Problem to solve: Nothing but the text of the records belongs in your answer: repeat all of it exactly and leave out the images.

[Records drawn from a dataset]
-- Opening Marker --
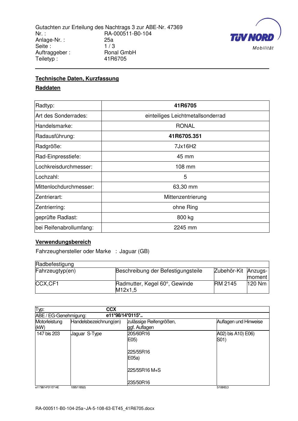 Dieses Gutachten (abe) bezieht sich auf die Alufelge brand-ronal 41R6705 in der Ausführung 7Jx16 ET 0, Mittenloch 0 mm (KBA 47369). Im PDF findest du typischerweise zulässige Reifengrößen, Auflagen/Anbauhinweise und – je nach Dokument – Hinweise zur Eintragung.
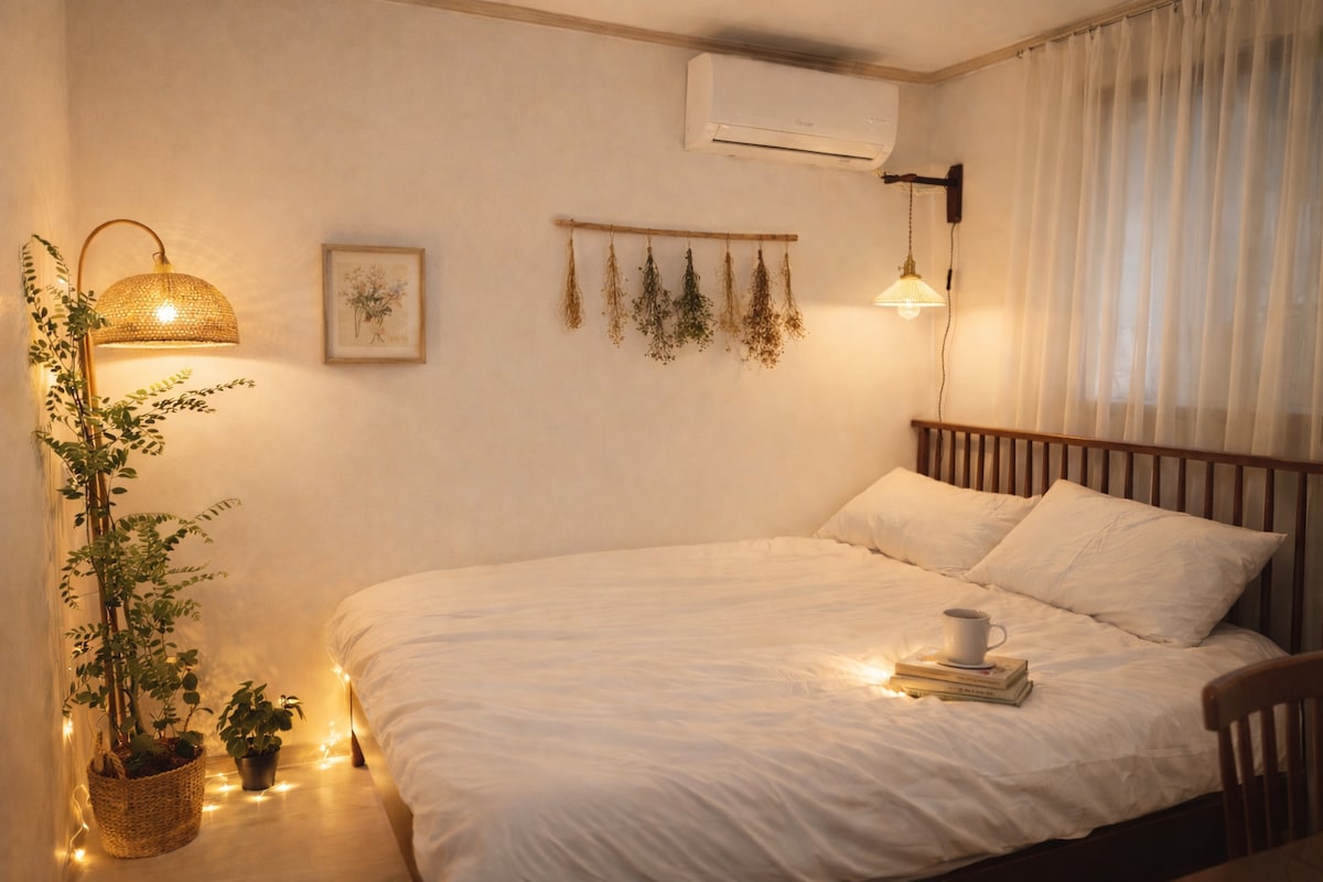 >弘大と漢江の間、川が暖かさと出会う場所 「RIVON STAY:MAPO」「City beat, Slowed pace」 「上水洞の穏やかな感性とヒップな感性を同時に抱き、写真に収まらない温かい雰囲気と細やかな配慮が感じられる、特別な旅を作りましょう。 -単に寝るだけの場所ではなく、好きな音楽を聴きながらワインを楽しむ*感覚的な生活*を体験してみてください。 -深いプラムカラーのマスタングLPプレーヤーとビームプロジェクターが用意されています。お気に入りの音楽や映画でプライベートな夜をお楽しみください -寝室(クイーンベッド2台、シングル1台 - 最大5名)とリビングルーム(ダイニングルーム)が完全に分離されているため、快適な休息が可能です。 -フラットなクイーンサイズの「バンカーベッド」-1階は広いクイーンサイズ、2階はシングルサイズに設計されており、バンカーベッドならではの居心地の良さを残しつつ、フラット感を完全に排除しました。 •場所:上水駅から徒歩3分。ホンデ、ハプチョンのホットスポットを歩いて移動しながらも、宿泊施設の周りは静かで、睡眠を保証します。
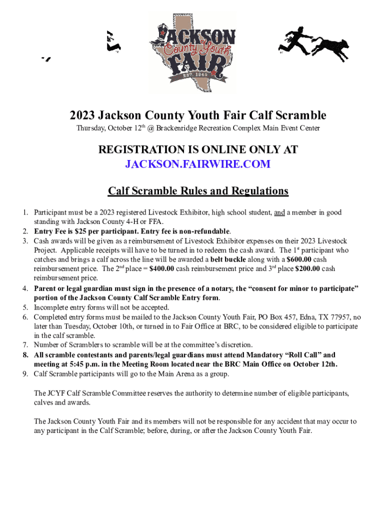 Get the free 2023 JCYF Online Calf Scramble Entry Form.docx
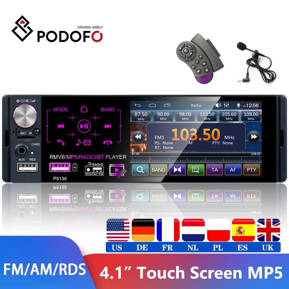 Автомагнитола Podofo 1DIN, Автомобильная магнитола с 4,1 "сенсорным экраном, Bluetooth, RDS USB AUX MP5, видеоплеер, MP3, автомобильная стерео система, универсальная
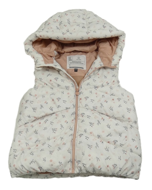 Bílá květovaná šusťáková zateplená vesta s kapucí C&A
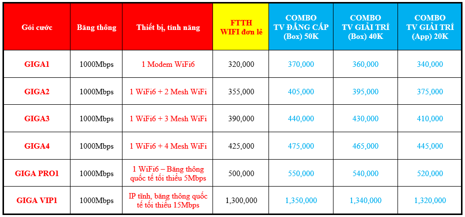 Ghi chú: Từ ngày 02/07/2023 theo quy định mới tất cả 3 nhà mạng VIETTEL / VNPT / FPT sẽ thu phí hoà mạng khi khách hàng lắp mới là: 500.000đ/line GIGAxx
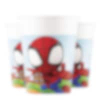 8 kpl mukeja Spidey And His Amazing Friends -kuviolla. Mukit ovat 9 cm korkeita ja niiden tilavuus 200 ml. Kupit on valmistettu FSC-merkitystä pahvista.
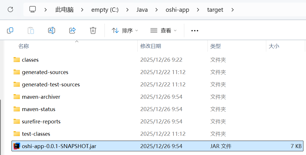 maven package打包,资源管理器中生成一个oshi-app-1.0-SNAPSHOT.jar文件
-- Closing Marker --
Final answer:
 Dieses Gutachten (abe) bezieht sich auf die Alufelge brand-ronal 41R6705 in der Ausführung 7Jx16 ET 0, Mittenloch 0 mm (KBA 47369). Im PDF findest du typischerweise zulässige Reifengrößen, Auflagen/Anbauhinweise und – je nach Dokument – Hinweise zur Eintragung.
 >弘大と漢江の間、川が暖かさと出会う場所 「RIVON STAY:MAPO」「City beat, Slowed pace」 「上水洞の穏やかな感性とヒップな感性を同時に抱き、写真に収まらない温かい雰囲気と細やかな配慮が感じられる、特別な旅を作りましょう。 -単に寝るだけの場所ではなく、好きな音楽を聴きながらワインを楽しむ*感覚的な生活*を体験してみてください。 -深いプラムカラーのマスタングLPプレーヤーとビームプロジェクターが用意されています。お気に入りの音楽や映画でプライベートな夜をお楽しみください -寝室(クイーンベッド2台、シングル1台 - 最大5名)とリビングルーム(ダイニングルーム)が完全に分離されているため、快適な休息が可能です。 -フラットなクイーンサイズの「バンカーベッド」-1階は広いクイーンサイズ、2階はシングルサイズに設計されており、バンカーベッドならではの居心地の良さを残しつつ、フラット感を完全に排除しました。 •場所:上水駅から徒歩3分。ホンデ、ハプチョンのホットスポットを歩いて移動しながらも、宿泊施設の周りは静かで、睡眠を保証します。
 Get the free 2023 JCYF Online Calf Scramble Entry Form.docx
 Автомагнитола Podofo 1DIN, Автомобильная магнитола с 4,1 "сенсорным экраном, Bluetooth, RDS USB AUX MP5, видеоплеер, MP3, автомобильная стерео система, универсальная
 Bílá květovaná šusťáková zateplená vesta s kapucí C&A
 Ghi chú: Từ ngày 02/07/2023 theo quy định mới tất cả 3 nhà mạng VIETTEL / VNPT / FPT sẽ thu phí hoà mạng khi khách hàng lắp mới là: 500.000đ/line GIGAxx
 8 kpl mukeja Spidey And His Amazing Friends -kuviolla. Mukit ovat 9 cm korkeita ja niiden tilavuus 200 ml. Kupit on valmistettu FSC-merkitystä pahvista.
 maven package打包,资源管理器中生成一个oshi-app-1.0-SNAPSHOT.jar文件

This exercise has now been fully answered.